4.1.3 Video Signal Representation

26.1183GPPRelease 17TSVirtual Reality (VR) profiles for streaming applications

Commonly used video encoders cannot directly encode spherical videos, but only 2D textures. However, there is a significant benefit to reuse conventional 2D video encoders. Based on this, Figure 4.1-4 provides the basic video signal representation in the context of omnidirectional video in the context of the present document. By pre-processing, the spherical video is mapped to a 2D texture.

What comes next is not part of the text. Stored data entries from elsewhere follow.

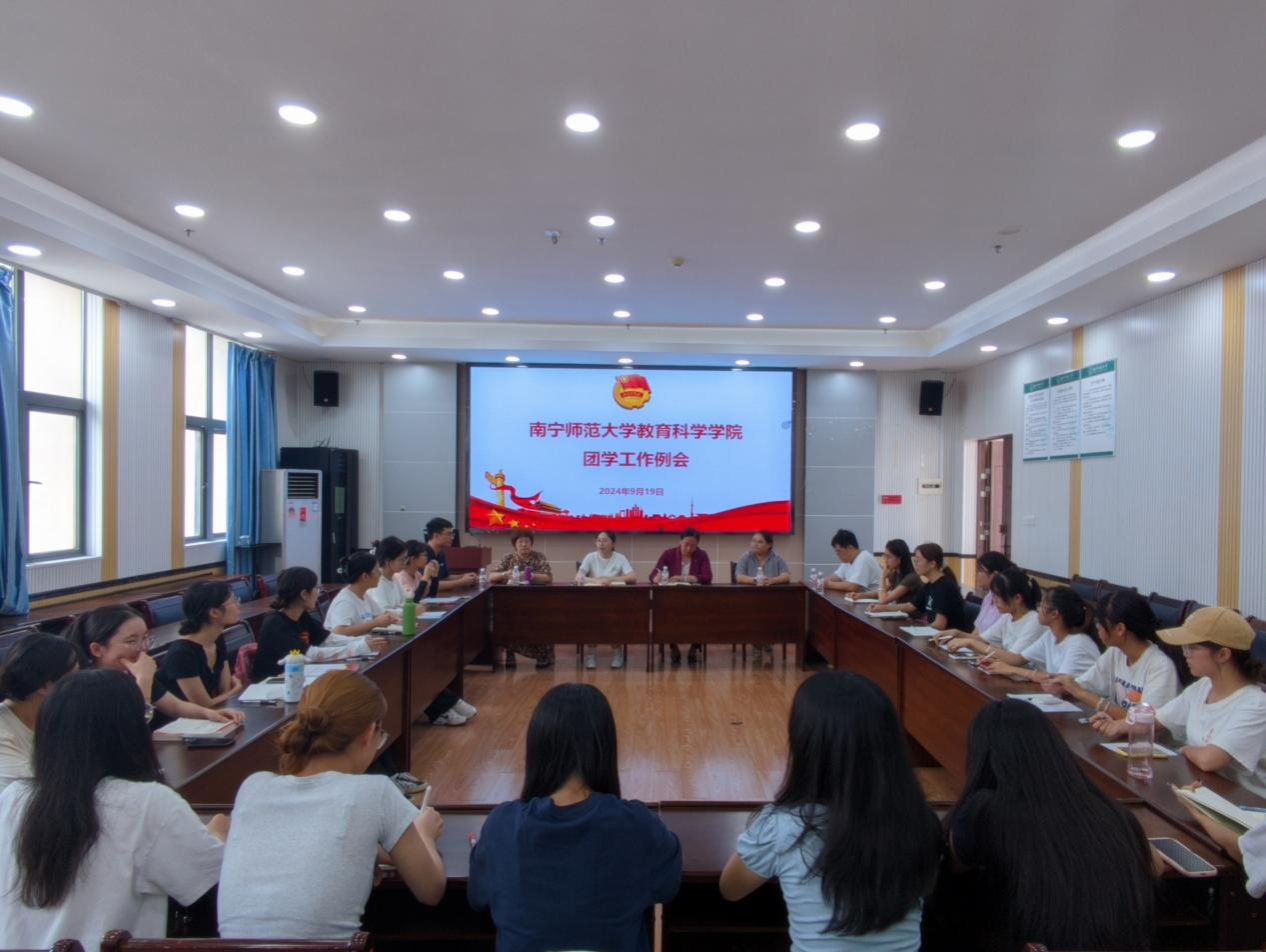南宁师范大学教育科学学院团学工作例会于9月19日下午在五合校区理综1003教室如期举行。出席本次会议的有学院党委副书记谢珊、团委书记蒋欢和辅导员郭恒、梁精泉、周芳、巫福星老师以及分团委学生会干部。
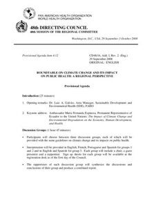 Roundtable on Climate Change and its Impact on Public Health: A Regional Perspective Provisional Age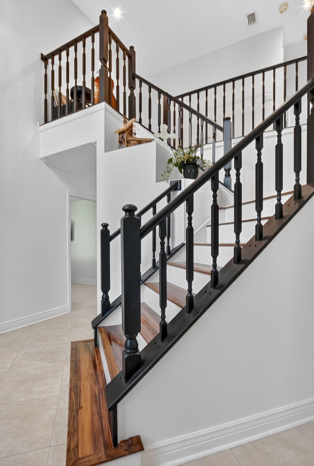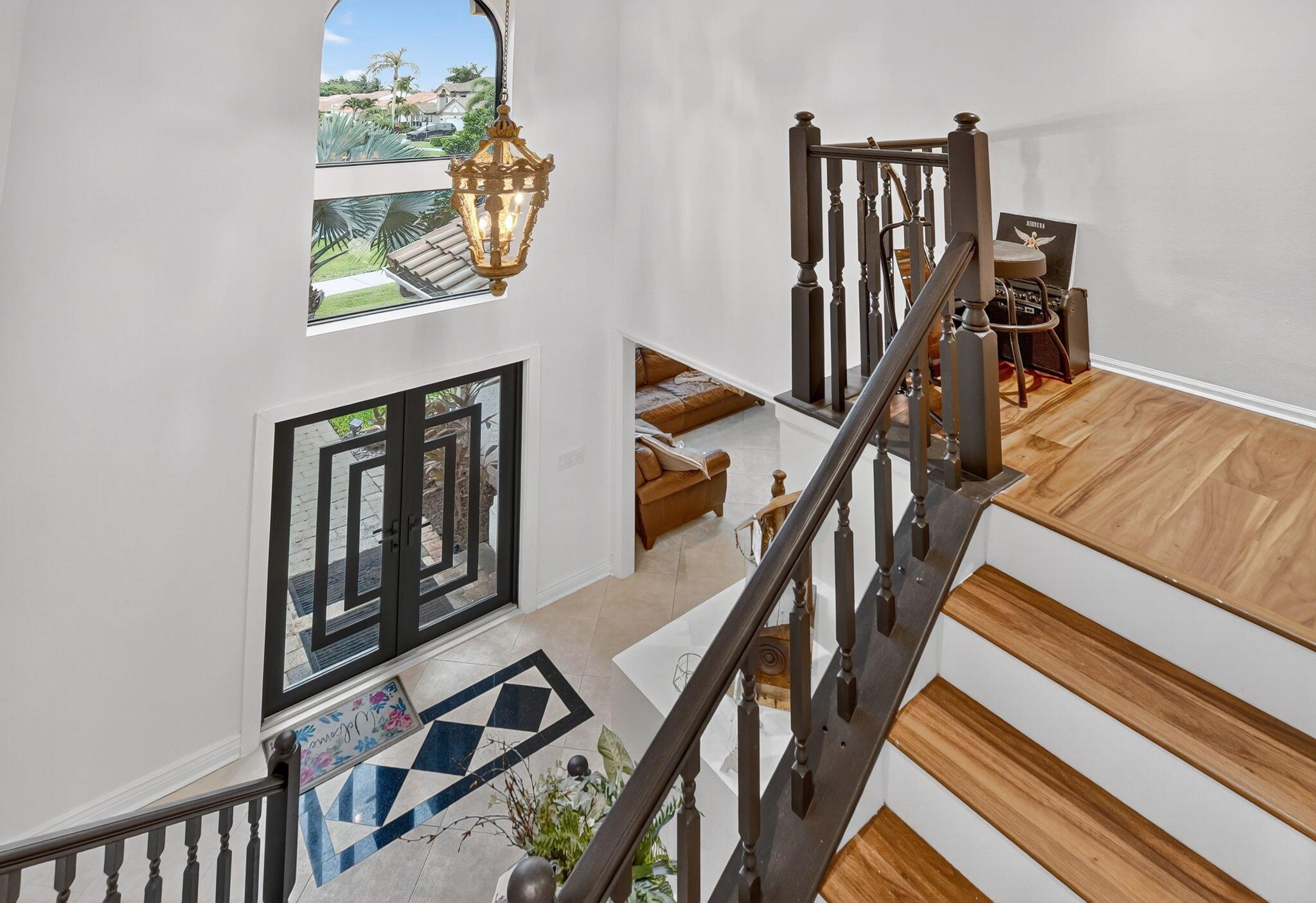Beautiful waterfront home on a quiet cul-de-sac with a rare, spacious 2-story layout that must be seen in person to fully appreciate. Primary bedroom on the first floor, plus a den, media room, full dining room, and large great room all on the main level with seamless outdoor access. The huge gourmet chef's kitchen is perfect for cooking and entertaining. Upper level offers 3 additional bedrooms. Features include: full impact windows/doors, a heated pool, wide lake views and tropical landscaping on a private corner lot with large yard. Energy-efficient, well maintained, no HOA wait time, and quick closing available.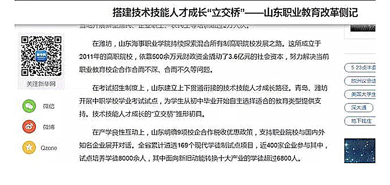 5月27日,新华社以“搭建技术技能人才成长‘立交桥’——山东职业教育改革侧记”为题,介绍山东海事职业学院探索混合所有制办学,推动产教深度融合的经验做法。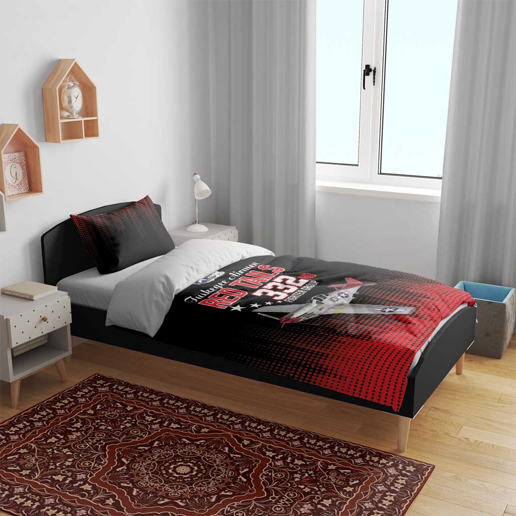 Tuskegee Red Tails Airmen WWII Tribute Bedding Set 332nd Fighter Group - Black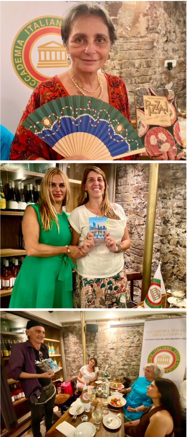 La Delegazione di Tel Aviv, dopo una pausa dovuta di nuovo alla situazione sanitaria, si è riunita per il convivio al ristorante Rustico Basel di Tel Aviv di recente rinnovato. Una serata piacevolissima, organizzata per i saluti prima delle vacanze estive, in cui l'Accademica Nessia Laniado ha parlato dell'importanza della pizza per la cucina italiana e ha presentato il suo libro sull'argomento, mentre la giornalista Fiammetta Martegani e il fotografo Mario Troiani hanno presentato due libri su Tel Aviv pubblicati di recente (in ordine in foto 1). Alla serata, divertente e movimentata, hanno partecipato vari personaggi della cultura israeliana e diplomatici (in foto 2 la Delegata Cinzia Klein con il primo segretario dell'Ambasciata d'Italia dott.ssa Sarah Castellani). L’ottimo menu è stato preparato dallo chef Gabi (foto 3, 4 piatti). Un vero successo culinario e culturale.

The 2D texture is encoded with a regular 2D video encoder and the VR rendering metadata (i.e. the data describing the mapping from the spherical coordinate to the 2D texture) is encoded and provided along with the video bitstream, such that at the receiving end the inverse process can be applied to reconstruct the spherical video.

Figure 4.1-4: Video Signal Representation

Mapping of a spherical picture to a 2D texture signal is illustrated in Figure 4.1-5. The most commonly used mapping from spherical to 2D is the equirectangular projection (ERP) mapping. The mapping is bijective, i.e. it may be expressed in both directions.

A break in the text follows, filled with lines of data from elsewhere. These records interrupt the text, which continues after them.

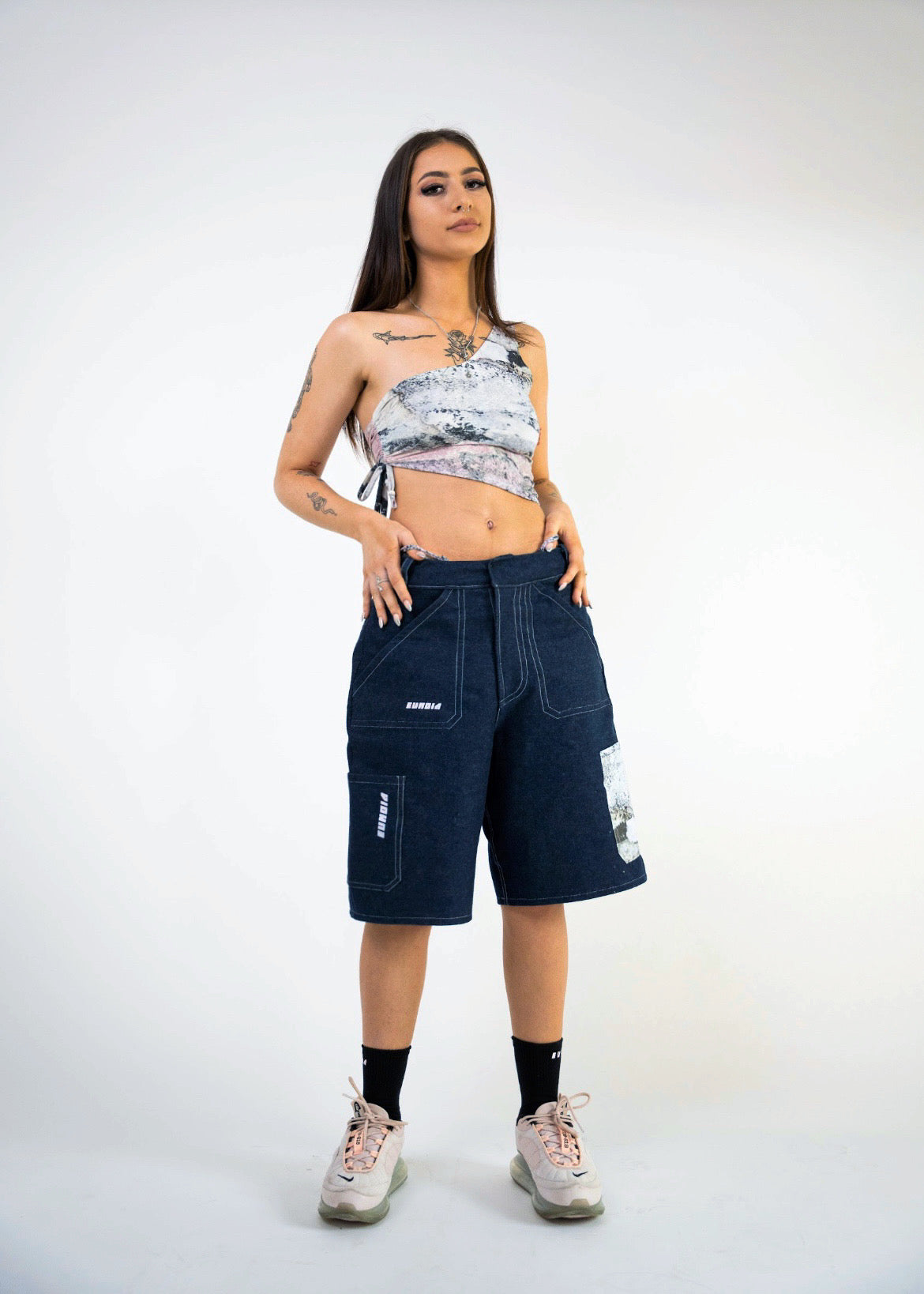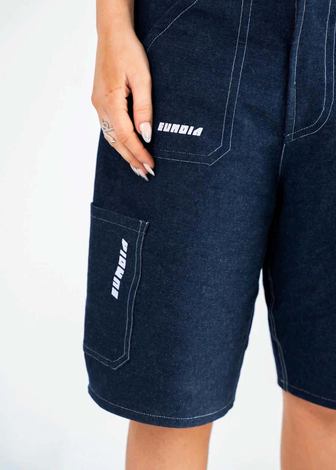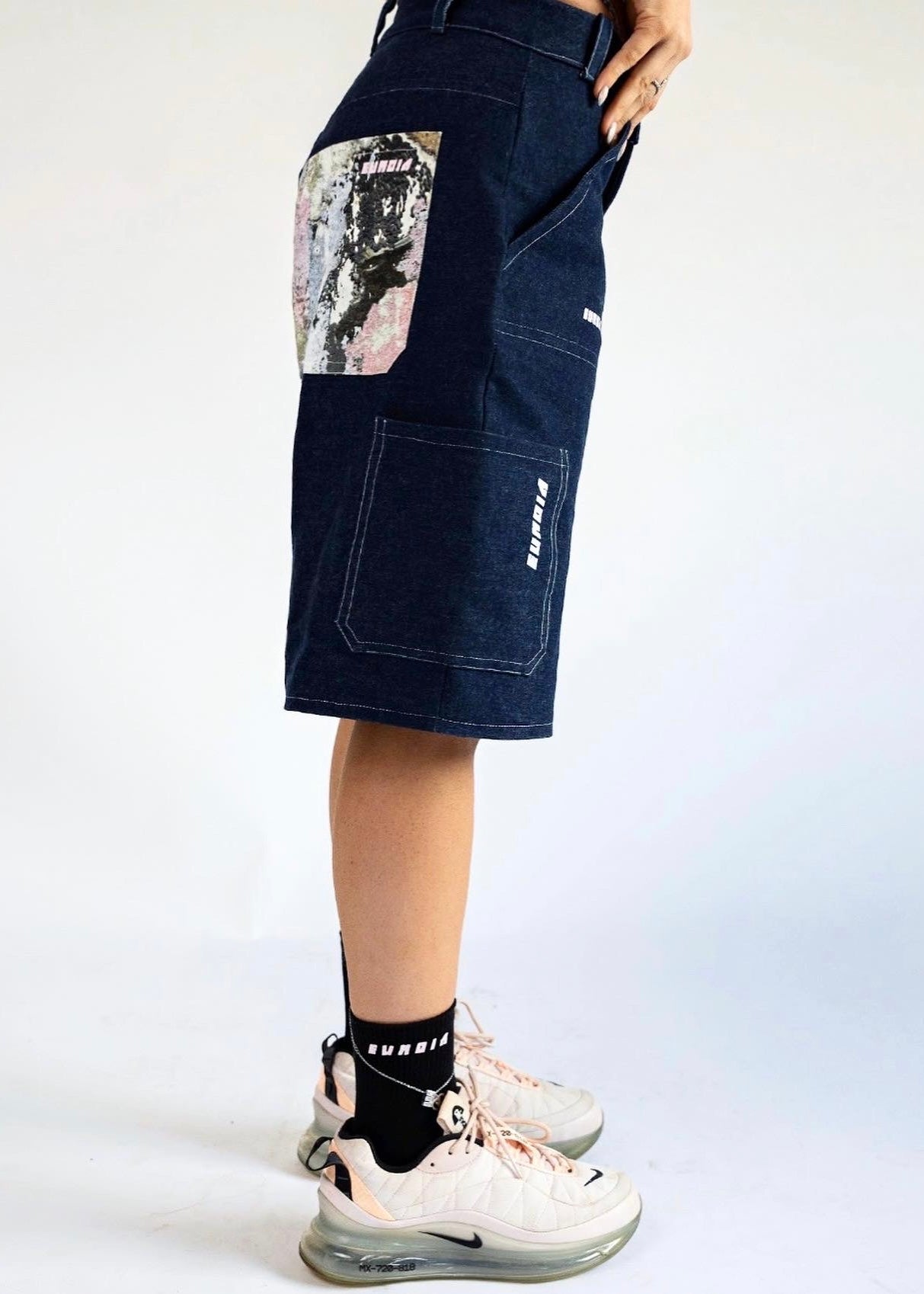 Dark Blue Heavy Denim Shorts With S/S23 Pink Print Pockets And Vinyl Logo Details
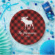 A modern Christmas design, features a buffalo red and black plaid pattern with a lovely white moose.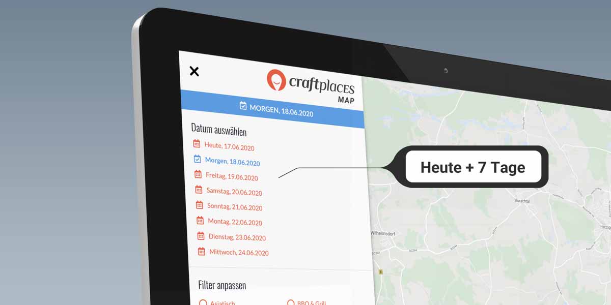Egal wo. Egal wann. Egal auf welchem Gerät. Craftplaces Map zeigt dir den nächsten Foodtruck.

Figure 4.1-5: Examples of Spherical to 2D mappings

Following the definitions in clause 4.1.2, the mapping of the colour samples of 2D texture images onto a spherical coordinate space in angular coordinates (ϕ,θ) for use in omnidirectional video applications for which the viewing perspective is from the origin looking outward toward the inside of the sphere. The spherical coordinates are defined so that ϕ is the azimuth and θ is the elevation.

Assume a 2D texture with pictureWidth and pictureHeight, being the width and height, respectively, of a monoscopic projected luma picture, in luma samples and the center point of a sample location (i,j) along the horizontal and vertical axes, respectively, then for the equirectangular projection the sphere coordinates (φ,θ) for the luma sample location, in degrees, are given by the following equations:

φ = ( 0.5 − i ÷ pictureWidth ) * 360
θ = ( 0.5 − j ÷ pictureHeight ) * 180

Whereas ERP is commonly used for production formats, other mappings may be applied, especially for distribution. The present document also introduces cubemap projection (CMP) for distribution in clause 5. In addition to regular projection, other pre-processing may be applied to the spherical video when mapped into 2D textures. Examples include region-wise packing, stereo frame packing or rotation. The present document defines different pre- and post-processing schemes in the context of video rendering schemes.